That old trick of lighting a match to see inside the gas pipe? I wonder how many people would start to pull a gas boiler apart themselves?

It's always advisable to have a gas heating system serviced professionally when you purchase a second-hand property.


----------



## Ballyman (1 Nov 2006)

It would be terrible if the faulty boiler caused a spark and ignited the gas and your house burned to the ground before you could sell it. Terrible altogether. Isn't Karma great.


----------



## liteweight (1 Nov 2006)

whathome said:


> That old trick of lighting a match to see inside the gas pipe? I wonder how many people would start to pull a gas boiler apart themselves?
> 
> It's always advisable to have a gas heating system serviced professionally when you purchase a second-hand property.

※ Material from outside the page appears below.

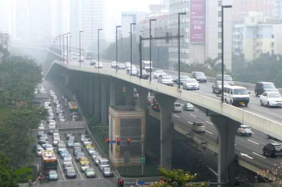 东山口车龙加雾霾 郑迅 摄(资料图片)

I agree it's always advisable but lots of people have a go at things themselves particularly when faced with a big bill shortly after moving. Perhaps I'm overly cautious. I was around at the time the apartment block on Serpentine Avenue collapsed due to a gas leak in the basement. No one lit a match...it was a radiographer returning from night shift on New Year's Eve, she simply turned on the light switch. Her husband was in bed and presumed unconscious by the time she came home. They were the only two in the building and of course both died. They had left their young son with a minder for the night. Better safe than sorry I say.


----------



## CCOVICH (1 Nov 2006)

Ballyman said:
			
		

> It would be terrible if the faulty boiler caused a spark and ignited the gas and your house burned to the ground before you could sell it. Terrible altogether. Isn't Karma great.


 
Yes-let's hope those who steal broadband and evade stamp duty also experience karma.


----------



## Art (1 Nov 2006)

CCOVICH said:


> Yes-let's hope those who steal broadband and evade stamp duty also experience karma.


 
Precisely CCOVICH, judge not and thou shalt not be judged.


----------



## Meathman99 (1 Nov 2006)

Art said:


> I have knocked 40k off the purchase price already!!!



Is this because the market is in decline??   If so  maybe installing a new boiler might be a good investment.  Or upgrading the attic insulation.  

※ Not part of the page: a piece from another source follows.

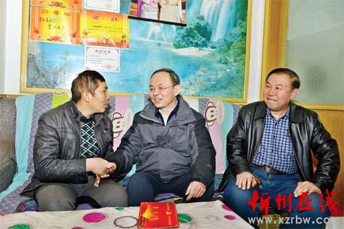 在看望1926年出生、1948年入黨的忻府區(qū)西張鄉(xiāng)東張村老黨員張根明時(shí),李俊明說,老黨員曾為革命、建設(shè)和改革事業(yè)貢獻(xiàn)過青春、奉獻(xiàn)過力量,是黨和國家的寶貴財(cái)富,黨和人民不會(huì)忘記你們,市委始終牽掛著你們。全市各級(jí)一定要特別關(guān)注,千方百計(jì)地幫助老同志解決實(shí)際困難和問題,讓老同志時(shí)刻感受到黨和政府的關(guān)心與關(guān)懷。黨員退伍軍人李貴明在部隊(duì)期間戰(zhàn)績顯著,曾榮立二等功一次、兩次受到嘉獎(jiǎng)。1996年下崗后,李貴明自費(fèi)學(xué)習(xí)廚藝謀出路,從未向政府提任何要求。李俊明了解其參軍復(fù)員及家庭子女情況后,對(duì)他在各種情況下都能充分發(fā)揮共產(chǎn)黨員的先鋒模范作用表示贊賞。要求政府部門全力服務(wù)好退伍軍人,勉勵(lì)李貴明在政府的幫助下繼續(xù)奮斗,不忘初心,發(fā)揚(yáng)革命傳統(tǒng),在新時(shí)代三大攻堅(jiān)戰(zhàn)中再立新功。在慰問六級(jí)殘疾軍人張玉根、建檔立卡貧困戶李成緒和特困職工左衛(wèi)忠時(shí),李俊明將米面油、對(duì)聯(lián)等慰問品送到他們家中,送上黨和政府的親切關(guān)懷和新春祝福。他仔細(xì)了解他們的家庭困難原因和就業(yè)收入情況,勉勵(lì)他們堅(jiān)定信心,在黨委、政府以及社會(huì)各界的幫助下,努力克服困難,樂觀面對(duì)生活,過上幸福生活。他要求全市各級(jí)各部門一定要高度關(guān)注民生,關(guān)心困難群眾的生產(chǎn)生活狀況,及時(shí)幫助解決困難,讓他們充分感受到黨和政府及社會(huì)主義大家庭的關(guān)愛。

The caveat  Buyer Beware is a disgrace.   If somebody knows that the product they are selling is not of saleable quality surely they should point this out from the beginning.


If you buy a barbeque from any hardware and it doesnt work  you get a refund.  What genius thought that buyer beware was a good idea??   Sure "Buyer declare" is a much fairer system


----------



## liteweight (1 Nov 2006)

I think I saw on another thread that when selling the vendor has to stipulate anything major that's wrong. If Art sells his house with central heating and it is later found defective, the buyer may have a comeback.


----------



## batty (1 Nov 2006)

Ona practical note its beginning to get very cold and no heat for a few days will lead to a very cold house.  A very cold house would put me off!


----------



## whathome (1 Nov 2006)

liteweight said:


> I think I saw on another thread that when selling the vendor has to stipulate anything major that's wrong.


 
I have never heard of this, are you sure? Can you find the thread?

I've seen so many older properties where there's no way the vendor could even begin to stipulate everything major that needs fixing.
On many executor sales, the vendor doesn't have a clue what condition the property is in.


----------



## whathome (1 Nov 2006)

Meathman99 said:


> If you buy a barbeque from any hardware and it doesnt work you get a refund.


 
Some people might say that there's a slight difference between a barbeque and a house in fairness


----------



## Miles (1 Nov 2006)

whathome said:


> in fairness


 
Wheres the fairness in selling a house with a dodgy heating system??


----------



## whathome (1 Nov 2006)

Miles said:


> Wheres the fairness in selling a house with a dodgy heating system??


 
What about the fairness of selling a house that needs to be rewired? Houses are sold requiring all kinds of repair. There's no guarantee or money back offer.


----------



## Miles (1 Nov 2006)

Romantic Irelands' dead and gone.......


----------



## ClubMan (1 Nov 2006)

Miles said:


> Romantic Irelands' dead and gone.......


Like proper use of the apostrophe?


----------



## ClubMan (1 Nov 2006)

liteweight said:


> I suspect they don't apply the rule when they fall in love with a place.


Touching but tough all the same.


----------



## Dreamerb (1 Nov 2006)

whathome said:


> What about the fairness of selling a house that needs to be rewired? Houses are sold requiring all kinds of repair. There's no guarantee or money back offer.


 
I think what's getting people's backs up is the OP's apparent hope that he'll in some way "get away with it" or it just won't be noticed. With full disclosure, a price on the job, and an indication that the price has already dropped significantly, that's an entirely different story. A little savvy marketing, and it can even be presented as a great bargain. 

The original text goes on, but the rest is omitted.